Он, кажется, задумался. Я ждал, как истукан. Потом он по?днял чашку и, будто это тост, чеканно произнес:
– Тогда бы мы и с вами навряд ли познакомились.
– Я вас не понимаю. Что там произошло? И как оно со мной…
– Вы любите кого-то?
– Наверное… Люблю.
– Я тоже. Там я снова… почувствовал как будто… Почувствовал: люблю.
– Вы там влюбились снова? А вы… А как же… Может…
– В халаби. И в сорбет.
– Так звали ту ливанку – хозяйку этой «Ханны»?
И тут он вдруг затрясся. Как маленький. От смеха. Я даже испугался, что чай весь разольет. Но все-таки подумал, что этот его смех, конечно, много лучше, чем взгляд поверх меня. Придя в себя, он выдавил:
– Представьте, если б ваш отец назвал вас… Эскимо! Халаби – это сорт! Мороженое то есть. Хотя и не такое, к какому вы привыкли. Оно готовится вручную, из миндаля и шоколада, на молоке, но без яиц, с арахисом, без сливок. И главное в нем – салеп. Не слышали про салеп?
Конечно, я не слышал. Но он был только рад и стал мне, как ребенку, подробно объяснять:
– Так называют смесь из клубней диких орхидей, растертых в мелкий порошок, а в нем содержится глюкоманнан. Теперь-то поняли, наверно?
Конечно, я не понял. И снова он был рад.
– Благодаря глюкоманнану мороженое получается тягучим – как будто это тесто для сладких пирожков. Но знаете, в чем соль? Оно таким же было, когда я и на свет еще не появился. И сто, и даже двести, и триста лет назад… Тягучее и нежное – как прожитое время. Как память. Как любовь… Я много где бывал, но только там, в Бейруте, такое испытал.

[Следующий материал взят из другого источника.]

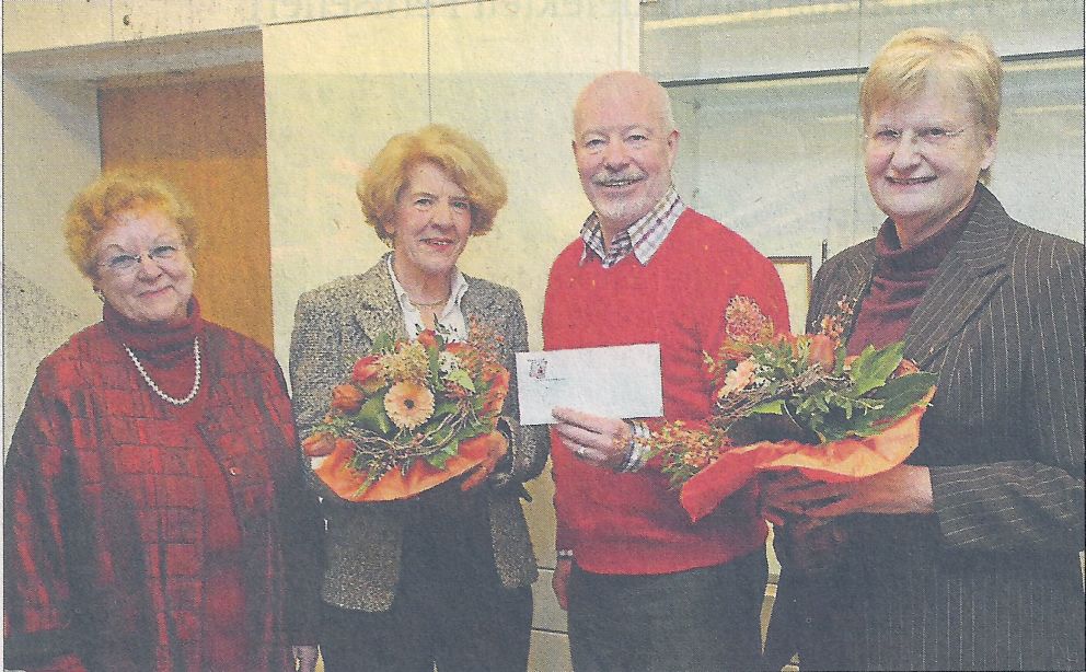 Spendenübergabe beim Bridge-Club: (von links) Doris Meyer, Irmgard Ruge, Bill Mockridge und Christel Herrmann. FOTO : Friese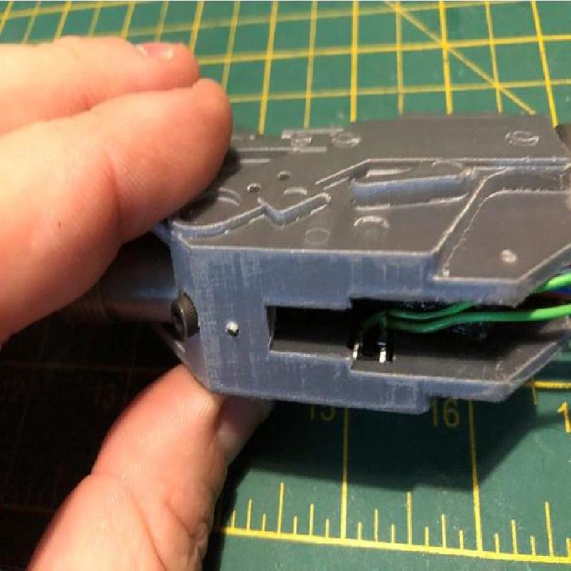 This is a rework of the original with voids cut into it to allow the fitting of all the electronic parts to turn the PPG into a 'functional' laser tag blaster.

Он снова улыбнулся: не так, как накануне, не так, как на балконе, не так, как в магазине, не так, как все другие обычно улыбаются, припомнив что-то славное. Он улыбнулся через боль, с которой жил, подумал я, и не желал прощаться. Затем он произнес:
– Тянуло не домой – тянуло в тот момент. И даже через много лет… хотелось в этот город. Хотя он не был домом.
– Простите, ради бога. Но я опять не понимаю. Из-за сорбета и халаби?
Он утвердительно кивнул и хриплым голосом добавил:
– А также из-за Нины.
* * *
– У нее были жесткие волосы. Словно мех какого-то дикого зверя. И немного испуганный взгляд – даже если она улыбалась. И мне нравилась в ней… осторожность. Осторожность была деликатной. Когда мы заказывали кофе, она обычно подкладывала под чашку бумажную салфетку. И помешивая ложечкой сахар, смотрела, как таяла коричневатая пена. Сначала я думал, что ей неудобно взглянуть мне в лицо. Я думал, это застенчивость. Совсем даже нет! Просто она вся отдавалась делу, которым в тот миг была занята. Говорят, будто женщины, в отличие от мужчин, умеют одновременно совершать сразу несколько разных дел. Так вот что я вам скажу. – Тут он вздохнул и, покачав головой, как-то странно, то ли грустно, то ли лукаво усмехнулся. – Может быть, моя Нина потому и была особенной, что вот этого как раз не умела. И меня научила чуть-чуть.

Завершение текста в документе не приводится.